» What the exercise asks: Output all of the data below without changing a word, and exclude the pictures.
::: Extracted information :::
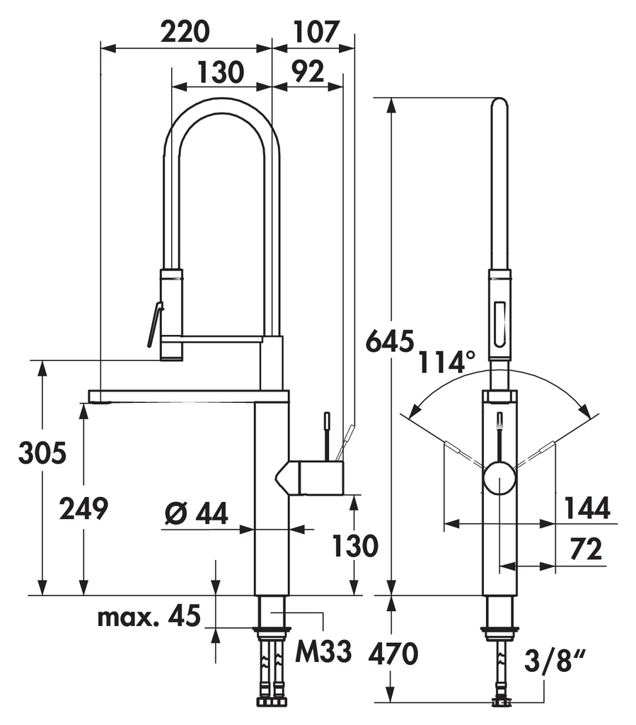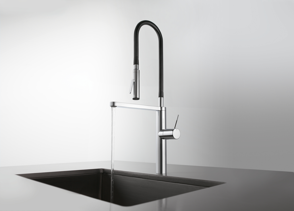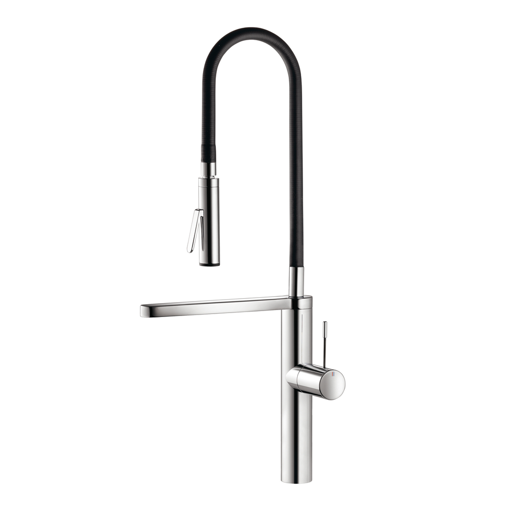 KWC Einhebelmischer. Mit schwenkbarem Auslauf und federgeführter Schlauchbrause, seitlichem Hebel und Keramikkartusche.
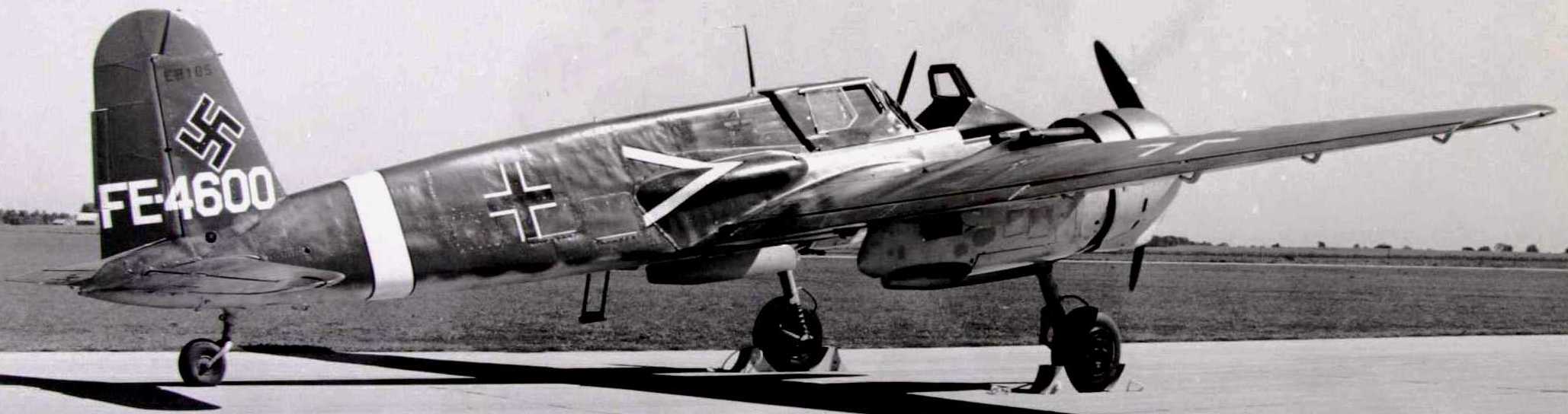 Henschel Hs 129B-1/R2, (Wk. Nr. 0385), 8.(Pz)1Sch.G2, captured at El Aouina, Tunisia, in May 1943. This aircraft was brought to the USA where it was designated EB-105, then USA FE-103, later FE-4600 and then T2-4600, at Freeman Field, Indiana in 1945. The aircraft was cut up for scrap in 1946, but the cockpit was purchased and is on display in Der Adler Luftwaffe Museum, Sidney, Australia. Another Hs 129 was reported to have been at Freeman Field, fate unknown.
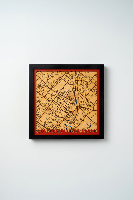 Collegeville, PA 3D Layered Laser Map, 12x12, Framed
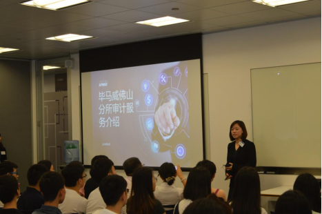 毕马威服务中心对本次的参观学习活动进行了精心的安排。首先,公司人力资源主管梁艳斐女士及其同事首先对同学们的带来表示热情欢迎,接下来,毕马威服务中心合伙人Tony Kong向同学们介绍了毕马威及毕马威全球共享服务中心的在佛山南海的发展历程和目前公司的基本情况。
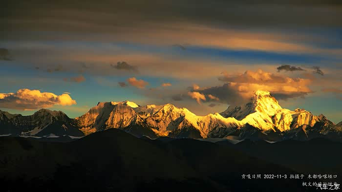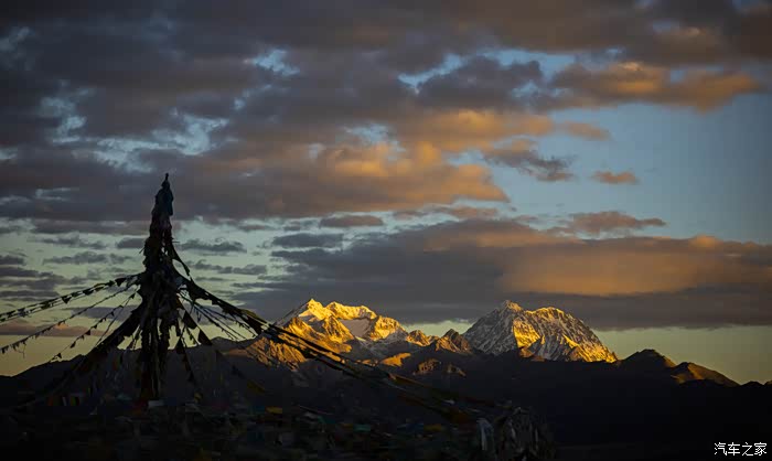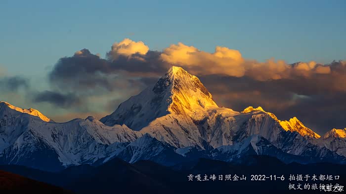因为上次去哈喀垭口没能拍到完美的贡嘎日落,于是今天决定去木都垭口这个白塔机位再拍贡嘎。木都垭口在哈喀垭口下面的一个垭口,距离大概2公里左右,因为这里有经幡和白塔,若是天气好的话,是不错的机位。
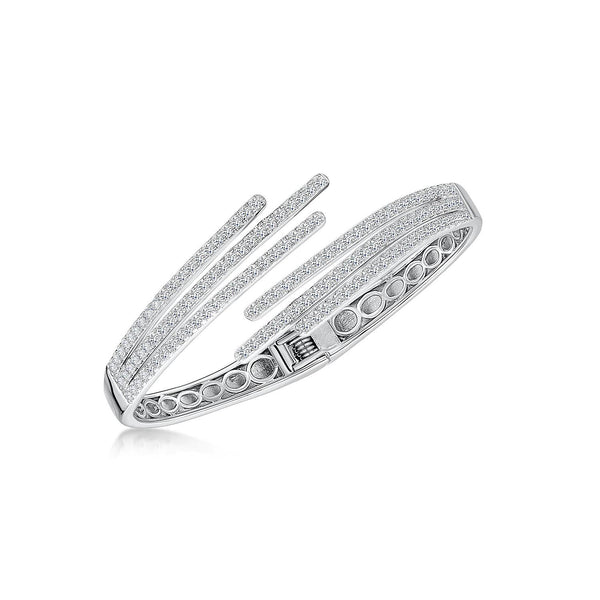Silver & Cubic Zirconia Three Strand Torque Bangle
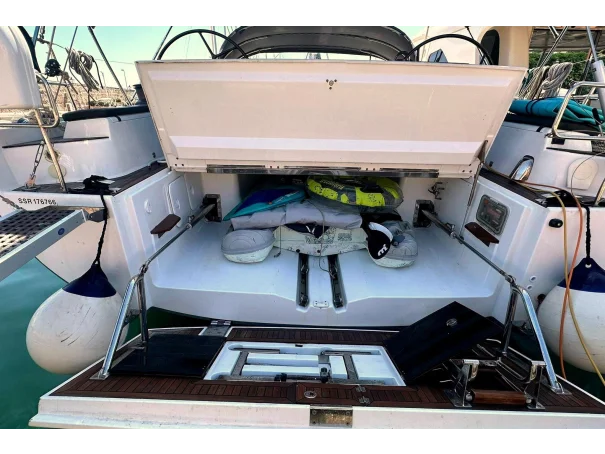 The yachts come equipped with a Generator Panda 8000i, a Victron 2020 inverter, four batteries, an engine alternator, a 240V battery charger, and two power cables, including a water maker. Last antifouling and out of the water May 2024. Previous engine service March 2025.
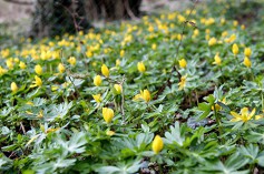 The winter aconite is shorter than its chum the snowdrop, but has wider, more interesting leaves that are shaped a bit like baseball mitts.
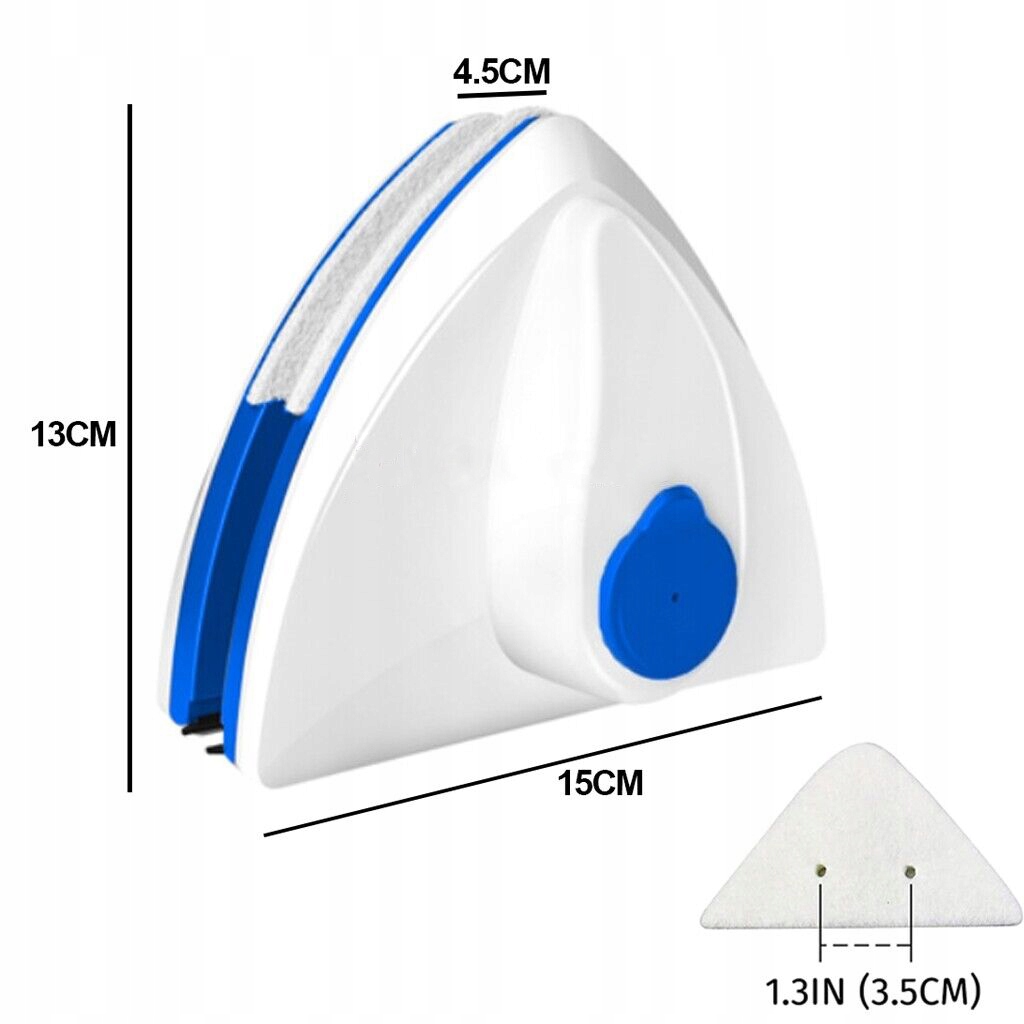 🧽🧽 【Уникальный треугольный дизайн без препятствий】 Магнитный очиститель окон Благодаря треугольной конструкции его можно протирать для сужения участков на окне, а треугольное сопротивление трению невелико, что экономит усилия при мытье окна и дезинфицирует без мертвых зон. Встроенный магнитный блок, скребок, чистящая губка, резервуар для воды. Сменная полоска стеклоочистителя, чистящая вата и фиксированная кнопка.
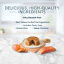 Salmon, Fish Broth, Chicken Liver, Chicken, Brown Rice, Natural Flavor, Guar Gum, Powdered Cellulose, Sweet Potatoes, Sodium Acid Pyrophosphate, Carrageenan, Taurine, Potassium Chloride, Cassia Gum, Salt, Choline Chloride, Magnesium Sulfate, Iron Amino Acid Chelate, Zinc Amino Acid Chelate, Vitamin E Supplement, Thiamine Mononitrate (Vitamin B1), Copper Amino Acid Chelate, Manganese Amino Acid Chelate, Sodium Selenite, Niacin Supplement (Vitamin B3), Calcium Pantothenate (Vitamin B5), Pyridoxine Hydrochloride (Vitamin B6), Riboflavin Supplement (Vitamin B2), Vitamin A Supplement, Biotin (Vitamin B7), Potassium Iodide, Vitamin D3 Supplement, Vitamin B12 Supplement, Folic Acid (Vitamin B9).
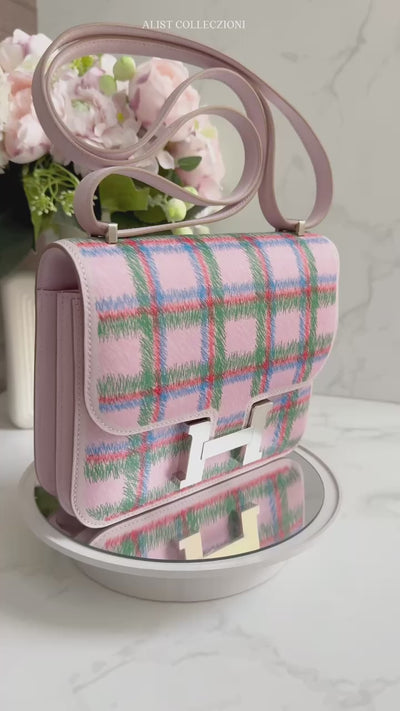 The Hermès Constance 18 Mirror Tartan is a striking blend of timeless elegance and playful modernity. Crafted in luxurious leather with a distinctive tartan-inspired motif, this limited-edition piece showcases Hermès’ mastery of color, texture, and craftsmanship. The combination of soft pink tones with vivid green and blue accents creates a bold yet refined aesthetic that stands out effortlessly.
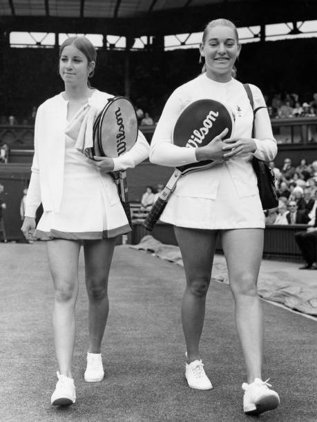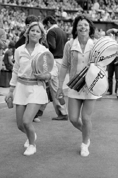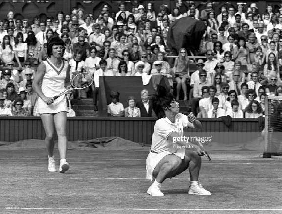 Billie Jean King (left) and her doubles partner in 1971 Rosie Casals USA, too – who is sidestepping for the ball.
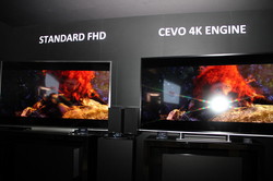 ブースにはまた、「CEVO ENGINE 4K」(国内での名称は「REGZA ENGINE CEVO 4K」)を搭載した84V型の4Kテレビと、フルHDの84V型テレビを並べて置き、4Kアップスケーリング技術の高さをアピール。「デモはどちらも通常のBDを再生していますが、CEVOで処理した4K映像は、元ソースがとてもBDとは思えないとみなさんが驚かれます」(本村氏)。
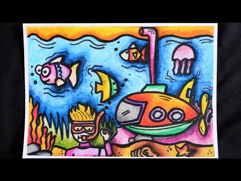 Mewarnai Pemandangan Bawah Laut Dengan Crayon
:::
» Exercise answer:
 KWC Einhebelmischer. Mit schwenkbarem Auslauf und federgeführter Schlauchbrause, seitlichem Hebel und Keramikkartusche.
 Henschel Hs 129B-1/R2, (Wk. Nr. 0385), 8.(Pz)1Sch.G2, captured at El Aouina, Tunisia, in May 1943. This aircraft was brought to the USA where it was designated EB-105, then USA FE-103, later FE-4600 and then T2-4600, at Freeman Field, Indiana in 1945. The aircraft was cut up for scrap in 1946, but the cockpit was purchased and is on display in Der Adler Luftwaffe Museum, Sidney, Australia. Another Hs 129 was reported to have been at Freeman Field, fate unknown.
 Collegeville, PA 3D Layered Laser Map, 12x12, Framed
 毕马威服务中心对本次的参观学习活动进行了精心的安排。首先,公司人力资源主管梁艳斐女士及其同事首先对同学们的带来表示热情欢迎,接下来,毕马威服务中心合伙人Tony Kong向同学们介绍了毕马威及毕马威全球共享服务中心的在佛山南海的发展历程和目前公司的基本情况。
因为上次去哈喀垭口没能拍到完美的贡嘎日落,于是今天决定去木都垭口这个白塔机位再拍贡嘎。木都垭口在哈喀垭口下面的一个垭口,距离大概2公里左右,因为这里有经幡和白塔,若是天气好的话,是不错的机位。
Silver & Cubic Zirconia Three Strand Torque Bangle
 The yachts come equipped with a Generator Panda 8000i, a Victron 2020 inverter, four batteries, an engine alternator, a 240V battery charger, and two power cables, including a water maker. Last antifouling and out of the water May 2024. Previous engine service March 2025.
 The winter aconite is shorter than its chum the snowdrop, but has wider, more interesting leaves that are shaped a bit like baseball mitts.
 🧽🧽 【Уникальный треугольный дизайн без препятствий】 Магнитный очиститель окон Благодаря треугольной конструкции его можно протирать для сужения участков на окне, а треугольное сопротивление трению невелико, что экономит усилия при мытье окна и дезинфицирует без мертвых зон. Встроенный магнитный блок, скребок, чистящая губка, резервуар для воды. Сменная полоска стеклоочистителя, чистящая вата и фиксированная кнопка.
 Salmon, Fish Broth, Chicken Liver, Chicken, Brown Rice, Natural Flavor, Guar Gum, Powdered Cellulose, Sweet Potatoes, Sodium Acid Pyrophosphate, Carrageenan, Taurine, Potassium Chloride, Cassia Gum, Salt, Choline Chloride, Magnesium Sulfate, Iron Amino Acid Chelate, Zinc Amino Acid Chelate, Vitamin E Supplement, Thiamine Mononitrate (Vitamin B1), Copper Amino Acid Chelate, Manganese Amino Acid Chelate, Sodium Selenite, Niacin Supplement (Vitamin B3), Calcium Pantothenate (Vitamin B5), Pyridoxine Hydrochloride (Vitamin B6), Riboflavin Supplement (Vitamin B2), Vitamin A Supplement, Biotin (Vitamin B7), Potassium Iodide, Vitamin D3 Supplement, Vitamin B12 Supplement, Folic Acid (Vitamin B9).
 The Hermès Constance 18 Mirror Tartan is a striking blend of timeless elegance and playful modernity. Crafted in luxurious leather with a distinctive tartan-inspired motif, this limited-edition piece showcases Hermès’ mastery of color, texture, and craftsmanship. The combination of soft pink tones with vivid green and blue accents creates a bold yet refined aesthetic that stands out effortlessly.
 Billie Jean King (left) and her doubles partner in 1971 Rosie Casals USA, too – who is sidestepping for the ball.
 ブースにはまた、「CEVO ENGINE 4K」(国内での名称は「REGZA ENGINE CEVO 4K」)を搭載した84V型の4Kテレビと、フルHDの84V型テレビを並べて置き、4Kアップスケーリング技術の高さをアピール。「デモはどちらも通常のBDを再生していますが、CEVOで処理した4K映像は、元ソースがとてもBDとは思えないとみなさんが驚かれます」(本村氏)。
 Mewarnai Pemandangan Bawah Laut Dengan Crayon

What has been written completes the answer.